After an oral agreement to sell a property, followed up with months of negotiations and paperwork, does the buyer have the right to purchase the property?

In March 2022, Donavon Meuchel approached Jessy Meyer and Nick Renner of MR Properties, a North Dakota limited liability company interested in purchasing Golden West Shopping Center in New Salem, North Dakota. MR Properties wanted $600,000, which is the amount offered.

Meyer contacted an associate real estate broker, Wade Bachmeier to draft a purchase agreement. The first of multiple drafts was dated May 4, 2022. MR Properties did not sign this or any subsequent draft of the purchase agreement.

MR Properties owned Lots 20 to 23, but while researching the transaction, it was discovered that the shopping center encroached an adjacent lot owned by MKB LLP. Meuchel wanted the additional property included in the purchase and asked MR Properties buy it. Toman Engineering was hired by Meuchel to survey the adjoining lot, which was completed on May 19, 2022.

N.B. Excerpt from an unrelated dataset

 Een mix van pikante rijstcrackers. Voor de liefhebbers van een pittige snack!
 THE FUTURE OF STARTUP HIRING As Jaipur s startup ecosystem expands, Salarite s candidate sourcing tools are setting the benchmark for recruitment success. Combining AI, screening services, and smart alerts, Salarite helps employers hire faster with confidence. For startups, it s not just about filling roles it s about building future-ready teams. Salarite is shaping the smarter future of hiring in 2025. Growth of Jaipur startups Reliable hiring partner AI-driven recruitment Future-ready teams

The same day, a Contract for Earnest Money & Down Payment was signed by Meuchel and Meyer which included:

    This agreement for earnest money/down payment, in the amount of $10,000.00, between MR Properties, LLC and Donavon Meuchel on May 19, 2022 is a withstanding contract towards the purchase of above stated property and property discussed with Dave Meyer until purchase agreement is reviewed & accepted between both parties.

    This contract is only valid until purchase agreement is accepted & signed at which time the signed purchase agreement will take effect.

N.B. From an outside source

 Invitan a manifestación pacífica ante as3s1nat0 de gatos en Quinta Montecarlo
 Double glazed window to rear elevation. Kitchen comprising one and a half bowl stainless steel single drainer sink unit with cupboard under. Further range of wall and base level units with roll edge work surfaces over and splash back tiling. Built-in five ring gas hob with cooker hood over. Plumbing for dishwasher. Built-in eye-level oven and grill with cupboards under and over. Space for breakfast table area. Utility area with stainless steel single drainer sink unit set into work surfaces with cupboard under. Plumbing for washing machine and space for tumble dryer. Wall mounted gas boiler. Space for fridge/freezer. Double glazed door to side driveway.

After the boundary lines on the MKB LLP lot survey were agreed upon, Meuchel requested Toman Engineering to move one line. Upon its discovery, negotiations broke down, and on July 6, 2022 Meyer refunded the earnest money of $10,000 with a letter explaining:
    There is too much misunderstanding on the terms of the sale of the Golden West Shopping Mall. We feel that an agreement cannot be reached and are refunding your down [payment] money.
On July 20, 2022 Meuchel signed an addendum, and the following day a May 19, 2022 purchase agreement. MR Properties signed neither.

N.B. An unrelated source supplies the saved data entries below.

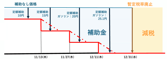 ただ、ガソリン税の暫定税率は12月31日廃止であるが、急激な減税に伴う混乱回避の観点から、実質的な減税効果は、11月13日と27日の5円ずつ、12月11日の5.1円の補助金の段階的増額によって、従来からの10円と加え、段階的に小売価格の値下げとして実現されることとなる。12月31日から、減税額25.1円の値下りが始まる訳ではない。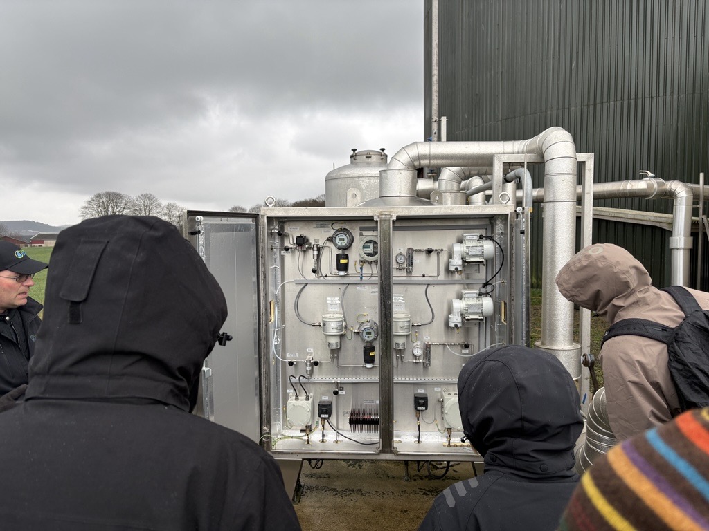 På gården fick deltagarna en inblick i hur biogasproduktion kan integreras med lantbruket. Här rötas inte bara gödsel, utan även restprodukter från jordbruket, såsom agnar. Processen är termofil, och gården arbetar aktivt med att ta tillvara hela resursflödet. Detta görs exempelvis genom gödselseparering där fibern återanvänds som strömedel till djuren.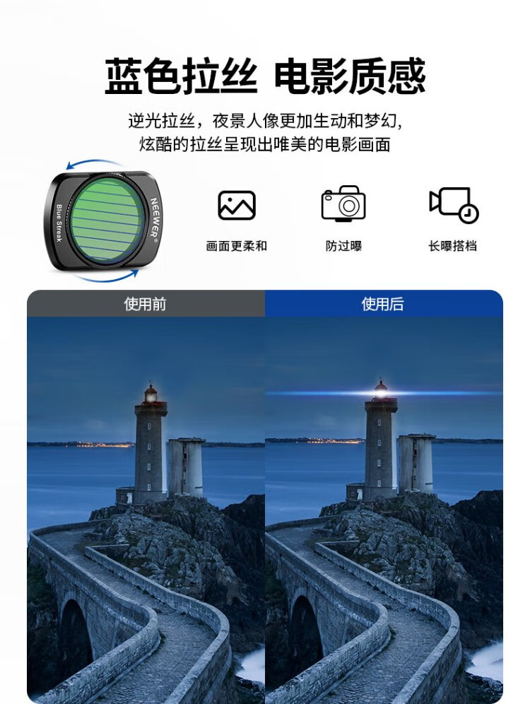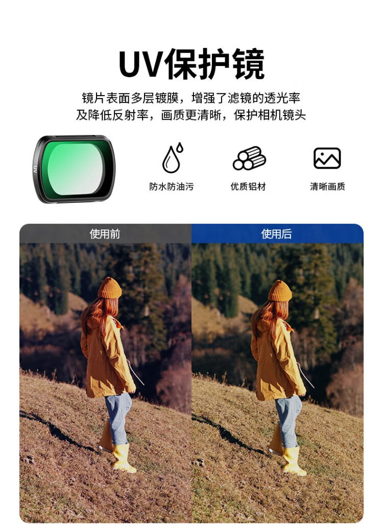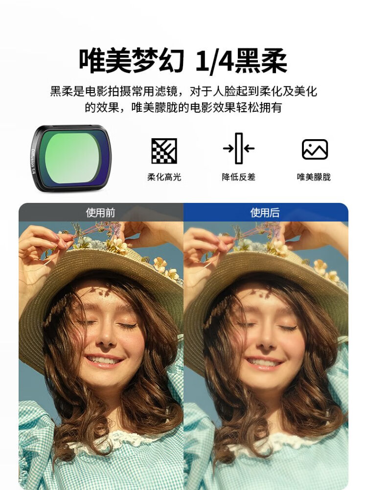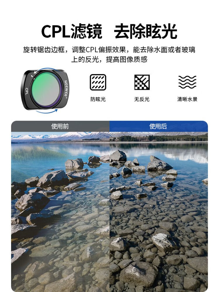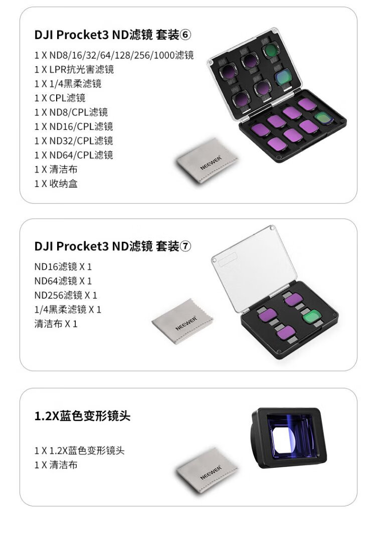 NEEWER is suitable for DJI DJI pocket3 filter set magnetic quick release ND/UV/CPL/Heiro Pocket 3 movie lens shooting light reduction polarization light reduction starlight amplification filter Heiro 1/4+CPL+adjustable ND2-32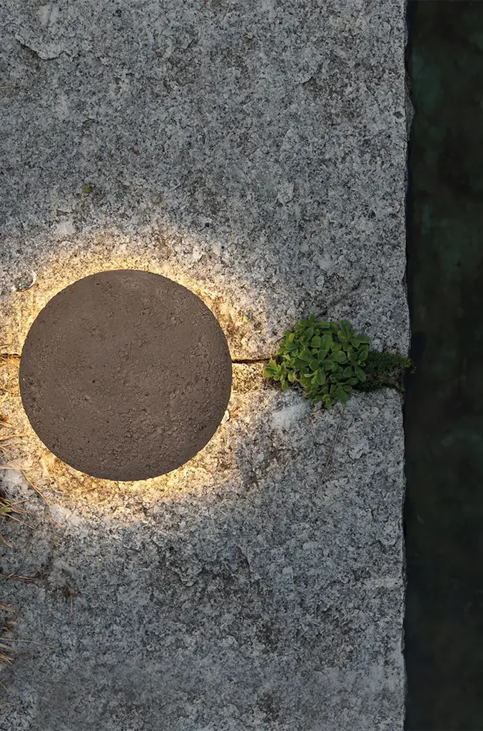 9010novantadieci completes the collection with a particular stemless version: OOLITE TERRA. A pathmarker specifically designed to illuminate and define paths and transit areas.The iconic head of OOLITE is paired with a diffuser, creating a 180° grazing light, functional and with minimal aesthetics. Like a water lily floating on the water , OOLITE TERRA becomes a luminous element that floats in open spaces, attracting the eye and accompanying the footsteps.Oolite is a LED outdoor BETALY® bollard light. Available in the following variants: Oolite Smooth, Oolite Grit, Oolite Rough, Oolite Cup, Oolite Big, Oolite Terra.Technical specificationsLight source LED 4,5WTension 24Vdc (Remote constant voltage driver is required)Colour temperature 3000°K (On request available in other color temperatures)Lumen 600lmCRI 80IP65OOLITE translates the relationship between nature and design into light. A respectful dialogue between functionality and essential forms is expressed through this lighting element; manufactured in extremely tactile finishes and colours, it is fully integratable green spaces. Its long and slender form can be inserted into larger spaces, such as outdoor areas bordering paths and patios, or in flowerpots and gardens.9010novantadieci takes the richness of an artisan past and turns it into a vessel for something completely new: a highperformance material suitable for outdoor spaces. Nature gives us a raw material that’s tangibly practical and can be used for any type of outdoor space. It combines material strength and lightness of form, versatility and characterful design. BETALY® by 9010novantadieci is a compound that makes every item unique, thanks to its distinctive artisan finish.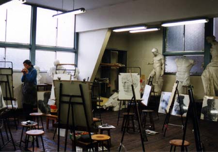 改修前の1階大講義室。デッサンの授業中。注目すべきは天井の梁。三角形の斜材に支えられた成(せい)の高い白い梁が見えている。 白いペンキが塗られた薄ベニアをはがしてみると、角材を上下2段に配し、両側を厚板で打ち付けた「合わせ梁」が現れた。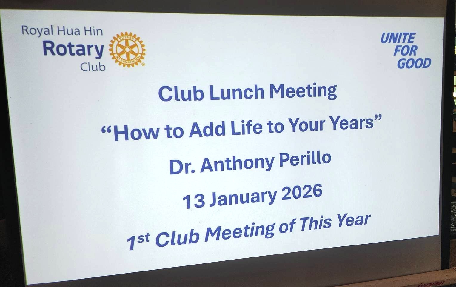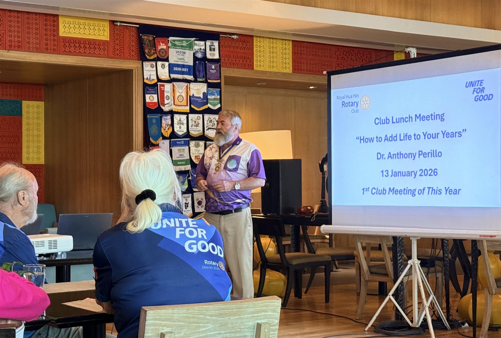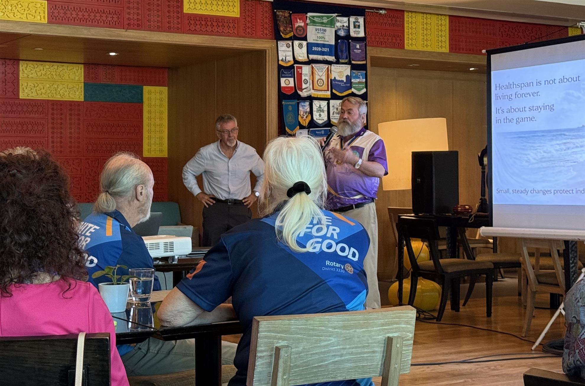 Our club welcomed special guest speaker Dr. Anthony Perillo, a long-time health and wellness executive and former Chief Wellness Officer at Chiva-Som, for an engaging talk on healthspan—the years of life lived with energy, independence, and purpose.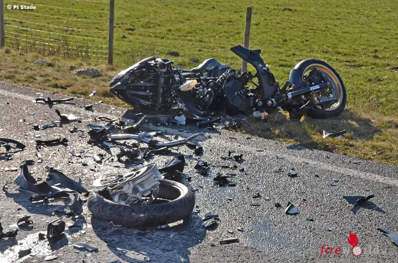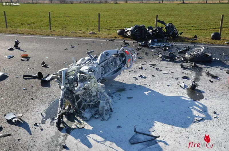 Durch die Wucht des Aufpralls wurden beide Motorräder total zerstört, die BMW geriet dabei noch in Brand, konnte aber durch die ca. 20 angerückten Feuerwehrleute des 2. Zuges der Ortswehr Stade schnell gelöscht werden.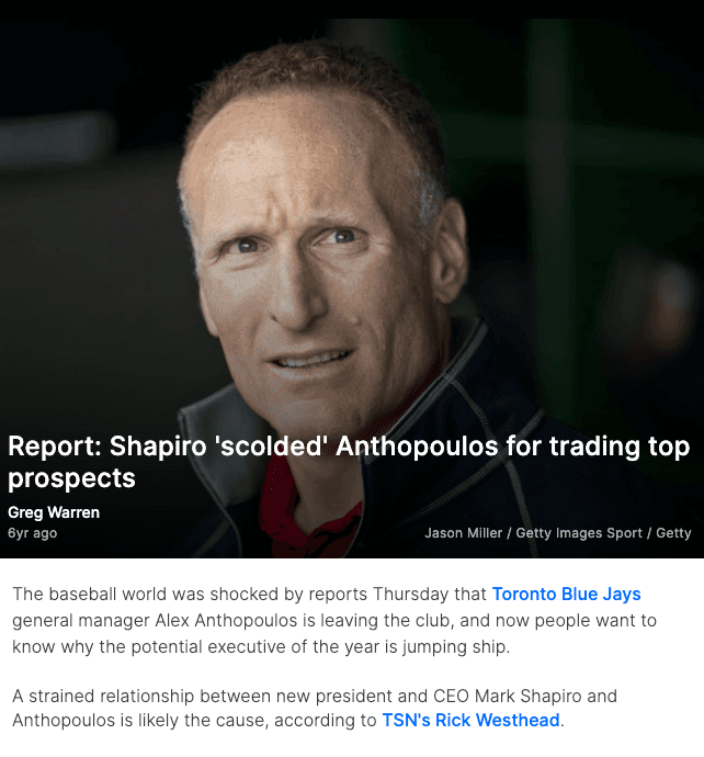 There was also a report that Shapiro had “scolded” Anthopoulos for trading away so many top prospects, even though it directly led to the best run the team had seen in decades and AA was named Executive of the Year by The Sporting News.

Later in 2022, Meuchel requested a judgement from the district court compelling the transfer of the "real property subject to the purchase agreement prepared by MR Properties LLC and signed by Donavon Meuchel.” MR Properties filed a motion to dismiss the action with supporting affidavits and exhibits, which the district court treated as a motion for summary judgment. Between November 2022 and March 2023 paperwork was filed with the court by the two adversaries.

The district court struck a number of documents and then saying "given the lack of clearly ascertainable terms necessary to specifically enforce the alleged oral contract" Meuchel failed to show specific performance, and dismissed the case.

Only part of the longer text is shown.